To be honest, this intrigues me but also kind of concerns me. I love Evil Dead, but I’ve never really cared for everything to connect. Interconnected universes can be hard. It’s easy for things to get overcomplicated and stuffed, and Evil Dead’s charm has always been simple: a group of people slowly, brutally, and at times hilariously getting picked off and turned into equally brutal and hilarious deadites. When you start becoming a full on franchise, that charm can be sidelined by servicing every angle of people. We’ve seen it work, for sure, but we’ve also seen it at its worst (we did see that earlier this year with another horror franchise). Do we really want Evil Dead to turn into some kind of saga?

But rather than speculate about the future, I actually want to highlight what I think this franchise is getting right. Evil Dead is Sam Raimi’s baby, but it has opened up to more directors to make their own unique spin on it, and I think that’s just awesome. 

Let’s be honest, nobody can match Raimi’s style, and for that I think he should remain the only guy to make three of these. As for the rest, let’s just keep giving them to up and comer directors. Yes, there is a formula these movies all follow, beside Army of Darkness (but oh my gosh, can we get another entry that’s similar to Army of Darkness? Give me goofy skeleton deadites!), but it’s the different directors that make them fresh. Not to mention, it helps them get their name out there. Fede Alvarez directed Evil Dead 2013 and got to make an Alien film. Lee Cronin made Rise and revived The Mummy earlier this year. I may not love Evil Dead Burn, but I thought director Sebastian Vanicek gave us some franchise highlights that we’ve never seen before, and I’m curious to what he’ll do next.

EDIT: Hilariously enough, Vanicek is actually on the same boat. In an interview with Variety, Vanicek expressed that he doesn’t plan on making another Evil Dead.
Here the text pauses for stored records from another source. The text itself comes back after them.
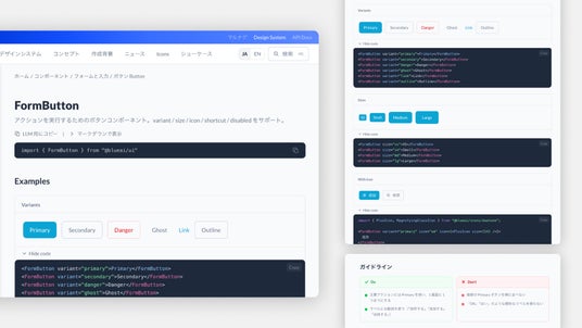ボタン・テーブル・モーダル・フォーム入力・データ表示など、業務アプリケーションに必要なUIコンポーネントを70種類以上収録。各コンポーネントにはライブプレビュー・Props一覧・コード例・使用ガイドライン(Do's & Don'ts)を掲載しています。
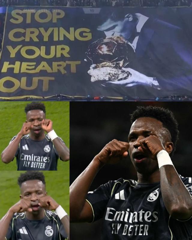 第22分钟,维尼修斯操刀点球骗过唐纳鲁马得分,皇马1比0领先,总比分4比0。进球后,维尼修斯做出“爱哭鬼”的动作,回击曼城球迷准备的罗德里巨型海报,并跑到角旗处示威庆祝。
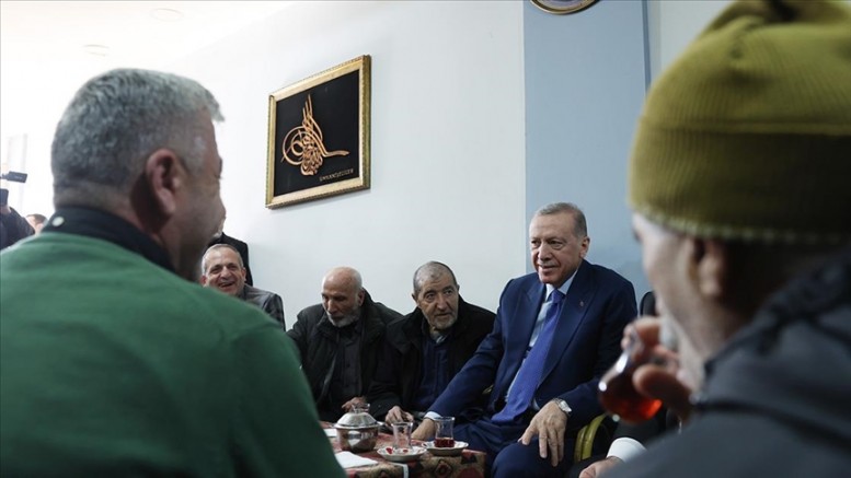 Erdoğan, törenin ardından cami çevresinde kendisine sevgi gösterisinde bulunan vatandaşlarla çay içerek sohbet etti. Bu sırada Cumhurbaşkanlığı ekiplerince çocuklara oyuncak dağıtıldı

“The only one who can do two Evil Dead movies is Sam Raimi! It’s a franchise that needs a fresh vision and fresh directors all the time. Fans want to be surprised, and if we want to keep the franchise alive, we need those different visions.”
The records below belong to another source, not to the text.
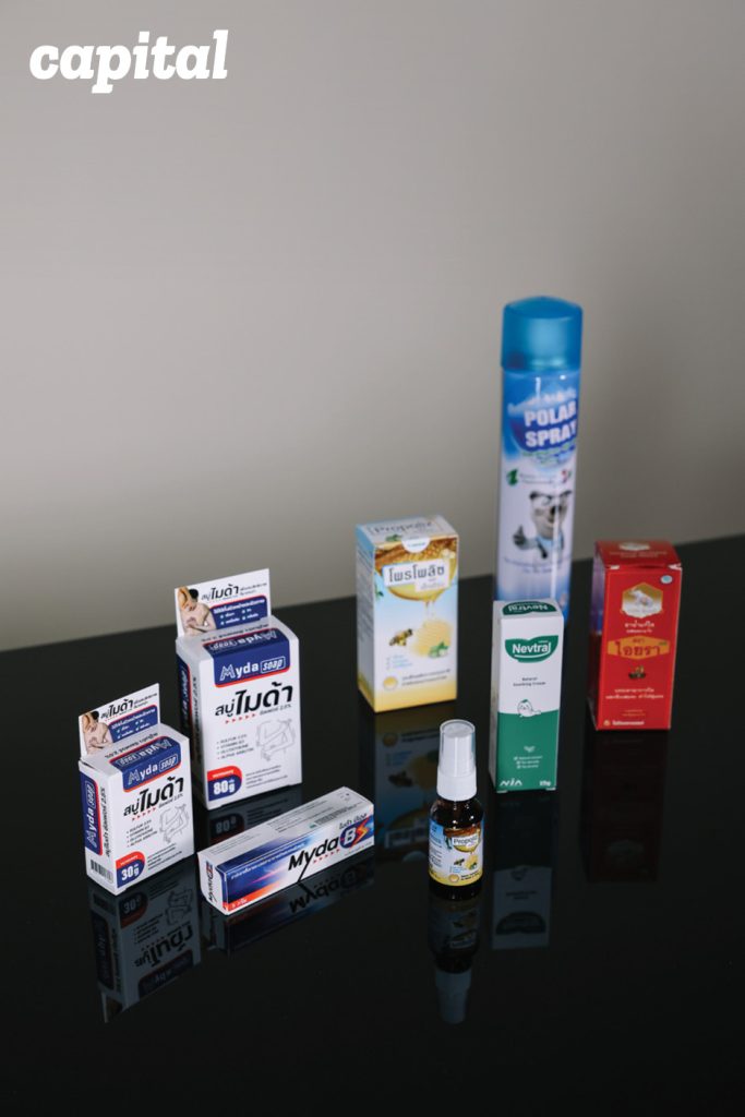 ยาน้ำแก้ไอไอยรา (IYARA) ที่แก้ปัญหาเรื่องรสชาติขมของสมุนไพร, โพรโพลิซ (Propoliz) ที่ทำให้รักษาอาการเจ็บคอได้สะดวกขึ้นในรูปแบบสเปรย์และเม็ดอม, ยาทา Nevtral Cream สำหรับรักษาอาการผื่นแพ้ทางผิวหนังจากสมุนไพรที่ลดผลข้างเคียงจากสารเคมีประเภทสเตียรอยด์, Polar Spray สเปรย์ปรับอากาศที่คิดค้นสารสกัดเพื่อบรรเทาอาการทางเดินหายใจทั้งต้นเหตุและปลายเหตุ, ยาพาราเซตามอล Para Fast Activ ที่ออกฤทธิ์ได้เร็วขึ้น 2 เท่าและแตกตัวได้ภายใน 21 วินาที
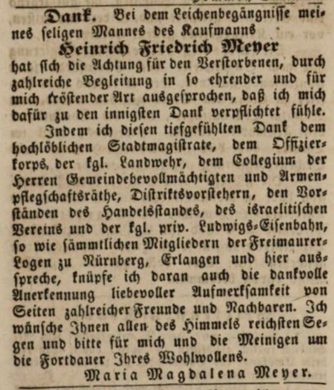 | 09:32, 8. Jan. 2026 | 1847-02-02 FÜ-TB Trauerdank Meyer.png (Datei) | 1.020 KB | {{Bild}}Danksagung der Kaufmannswitwe Maria Magdalena Meyer, Februar 1847 | 1 | |
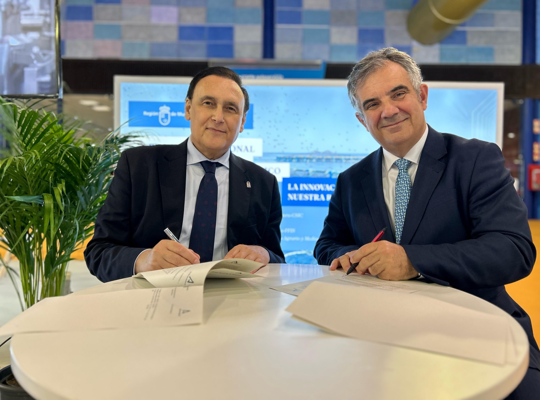 El consejero de Medio Ambiente, Universidades, Investigación y Mar Menor, Juan María Vázquez, y el consejero de Universidad, Investigación e Innovación de la Junta de Andalucía, José Carlos Gómez Villamandos, firman el protocolo.
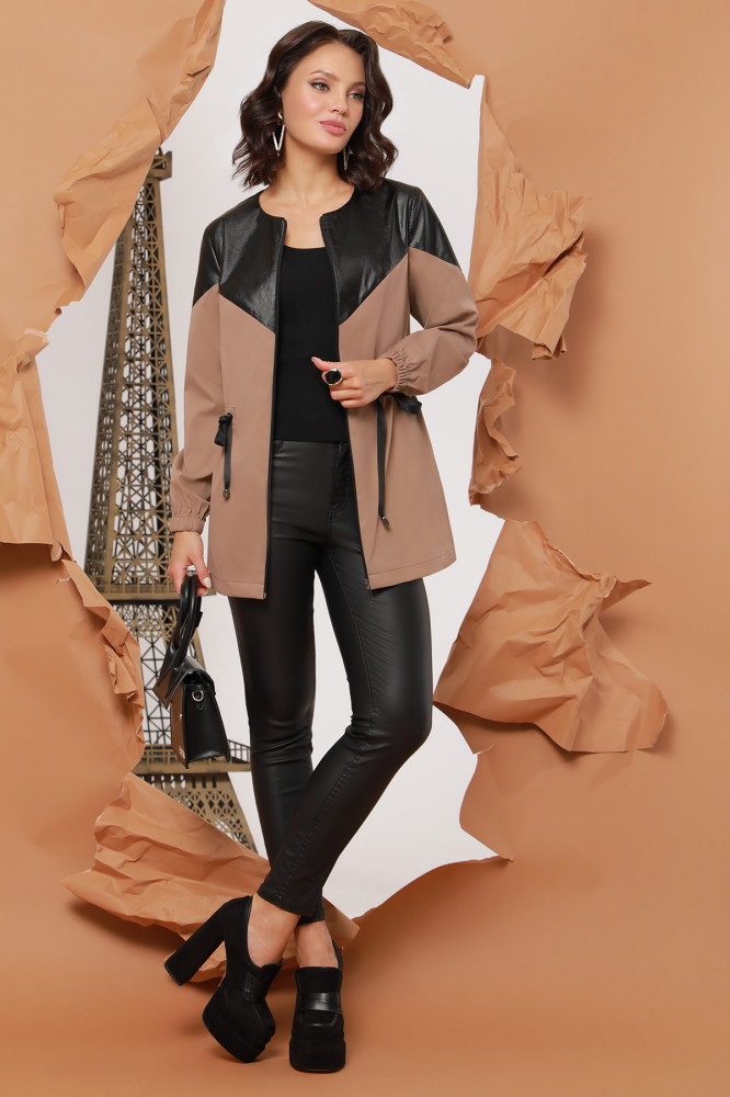 DStrend Ветровка с кокеткой из экокожи женская

Whatever plans they have for the future, I hope studio heads don’t lose sight of what has been working. It’s a miracle that Evil Dead has remained as strong as it has all this time later, and I think in order for that to continue, it needs to remain a franchise that uses younger, different directors who are given all the freedom to do their own thing. It makes sense given how the franchise started with Raimi, and what better way to honor the spirit of Evil Dead than to keep that going?

*While Burn had the first ever post-credit scene, Evil Dead 2013 did have the franchise’s first mid-credits scene.